Hacker News new | ask | show | jobs
by goosehonk 2393 days ago
It's a good thing you measured it :-) Programs that do a little bit of 512x512 FMA mixed in with other stuff will not benefit from AVX-512 but can suffer from the heat it generates, or from the hiccup when the CPU turns the FMA unit on and back off.

Codes that can do a lot of 512b FMA consecutively will benefit very greatly, and pay a small penalty (up to 25%) in terms of throughput for everything else.

Codes that use non-multiplier stuff that's just marketed as AVX-512, like VBMI2, also benefit greatly and without any penalty.

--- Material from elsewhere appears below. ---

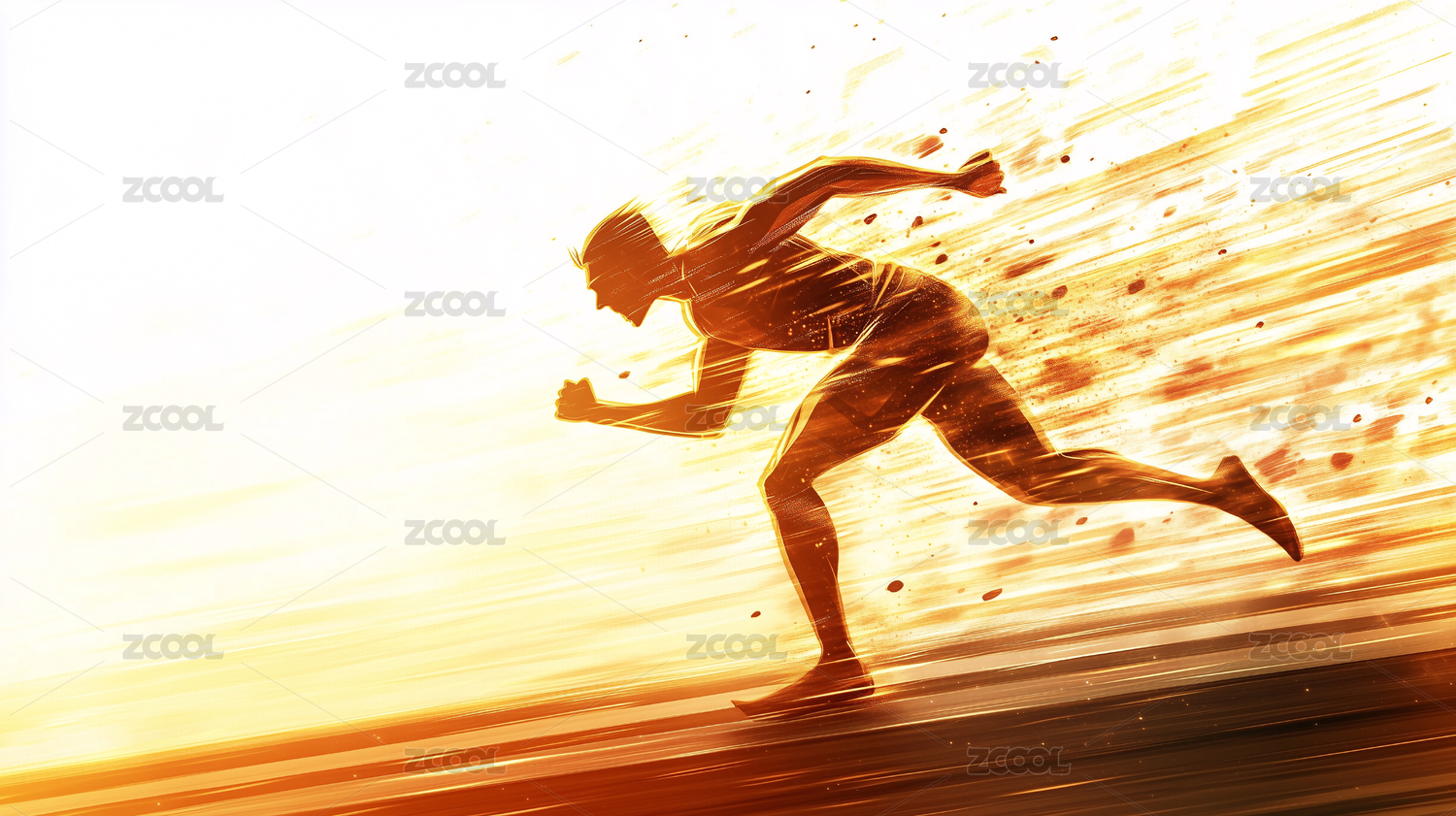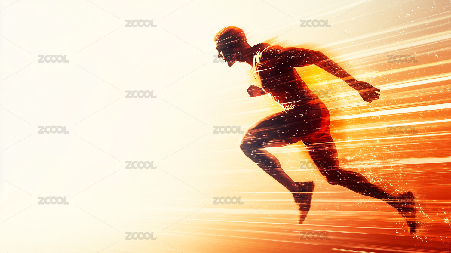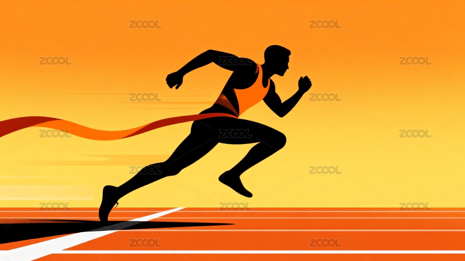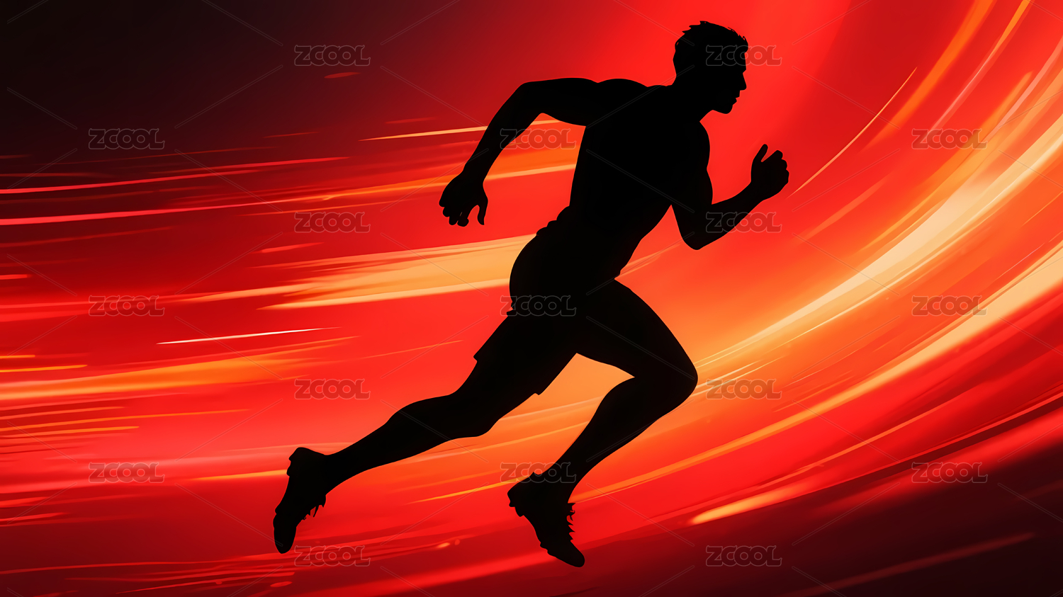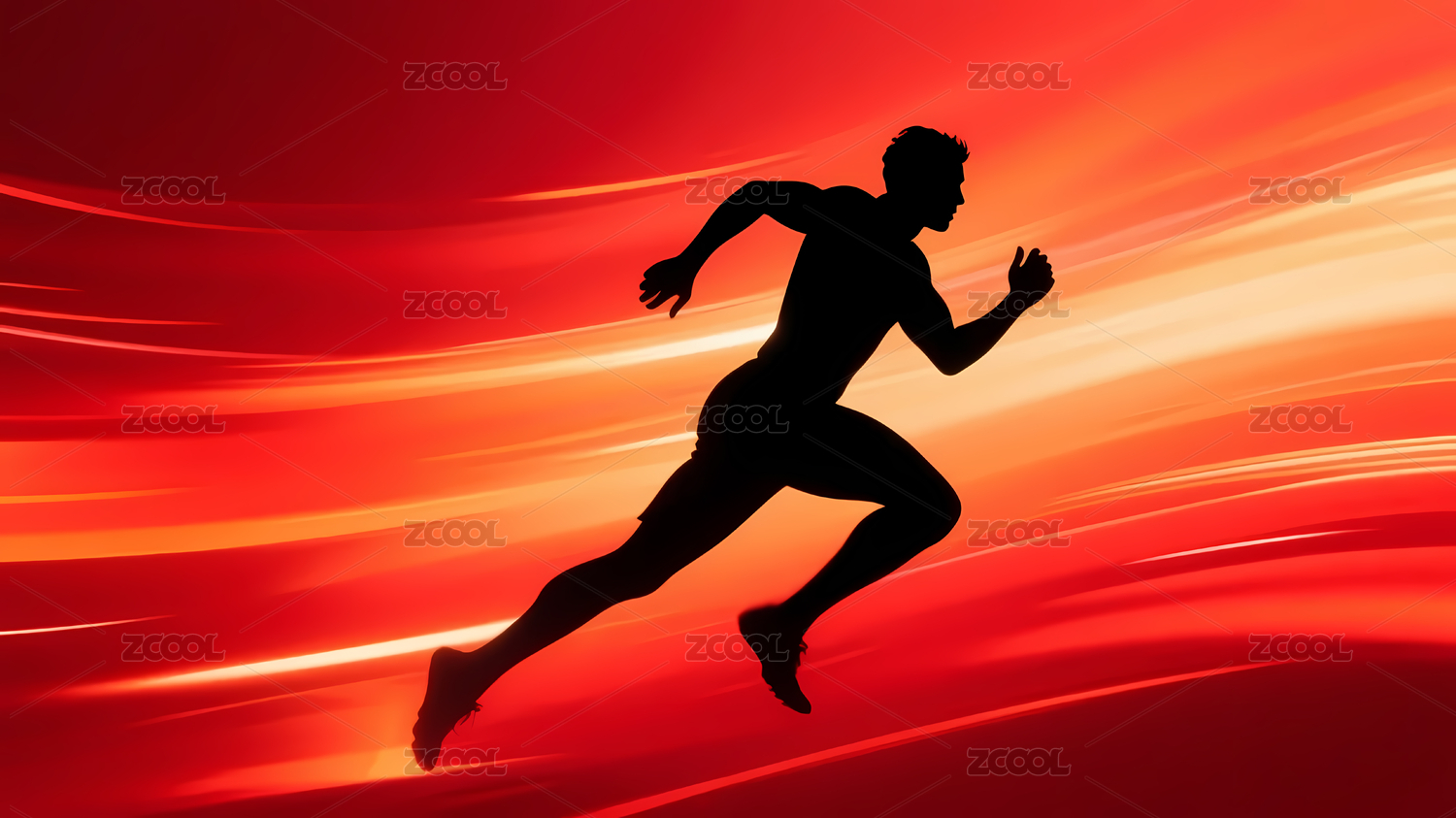 运动健将奔跑剪影,红蓝色彩背景,充满动感

People with AMD CPUs don't get a choice. Hard to see how this accrues to Intel's mistakes column.

1 comments

It's not really an Intel mistake, but it is an Intel problem. In ML, the ASICs are coming. NVIDIA is pretty much guaranteed to maintain a leadership position in this space because their software layers are dominant. Intel's ML leadership position is quite tenuous because the killer ML features don't work quite well enough for the premium. MKL should be a solid moat, similar to NVIDIA's CUDA and CUDNN, but if it requires serious effort to get the benefits, it becomes more palatable to spend that effort on ARM-based servers or custom hardware like Inferentia which are meaningfully cheaper. Maybe Ice Lake will fix this, but Intel is running out of time to convince people that Intel chips should remain the first choice in ML.

AMD isn't relevant in this space AFAIK.